May 26, 2016
“The Recovering
Body” was presented on May 24, 2016, by Jennifer Matesa;
author, educator and speaker. Discussions of abstinent addiction
recovery often focus on developing spiritual approaches to life’s
problems and challenges. But, this virtually ignores the experience
of the body. The facts are that the body undergoes serious changes
and damage during active addiction, and many recovering people wind
up frightened that they have wrecked their neurology permanently.
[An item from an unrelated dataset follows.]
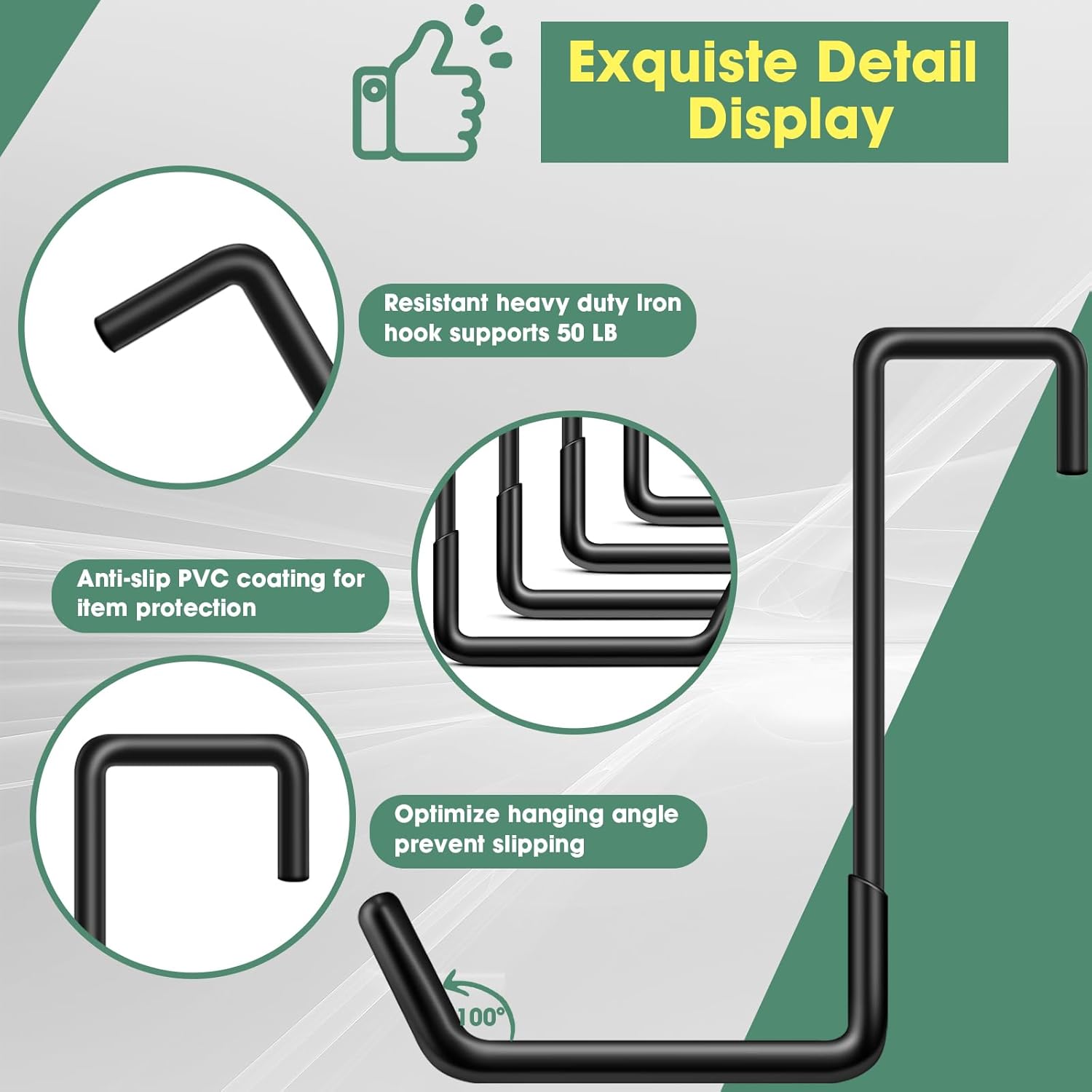 - High Quality - This Is a Rust-Proof, Smooth, Non-Slip Large Heavy Duty garage hanging hooks. It Is Made Of Heavy Steel Metal Material With Vinyl Coating, Strong Enough To Last For Many Years Without Deformation, Enough To Meet Your Daily Needs And Replacements.

Full recovery asks us to change the ways we relate to our bodies,
beginning with the discipline of resisting the mind’s obsession
about external “solutions” and grounding oneself inside one’s body,
which lives only in the present. This presentation explores five
approaches to addiction recovery that combine physical practices
with the traditional spiritual enlargement of 12-step abstinent
recovery. These approaches have abundant scientific research
backing them, making them not only a way to gain confidence and
“feel better” in recovery but also to prevent relapse and become
fit to contribute to society.
Jennifer Matesa has been writing and speaking about addiction and
recovery since 2010. Her most recent book is The Recovering Body: Physical and Spiritual
Fitness for Living Clean and
Sober (2014). Her forthcoming
book about sexuality in recovery will be published in 2016. She has
written about health and life transformation for more than twenty
years, including two previously published
books, Navel-Gazing: The Days and Nights of a Mother in
the Making, chosen by Lamaze International as a top-ten
childbirth resource, and Knowing Stephanie, a
biography of a young breast cancer patient. Her journalism and
essays have appeared in many publications. In 2010 she established
the popular blog Guinevere Gets Sober (www.guineveregetssober.com), for which she interviewed
many scientists, practitioners, authors, and ordinary folks with
fascinating stories about recovering from addiction. Since 2012 she
has regularly educated groups of medical students about ways to
prevent, identify, and respond to addiction in their patients. In
2013 she was awarded a year-long fellowship with the federal
Substance Abuse and Mental Health Services Administration (SAMHSA),
in recognition of her writing and public speaking about the human
potential to heal.
This program is part of the Dawn Farm Education Series, a FREE,
annual workshop series developed to provide accurate, helpful,
hopeful, practical, current information about chemical dependency,
recovery, family and related issues. The Education Series is
organized by Dawn Farm, a non-profit community of programs
providing a continuum of chemical dependency services. For
information, please see http://www.dawnfarm.org/programs/education-series.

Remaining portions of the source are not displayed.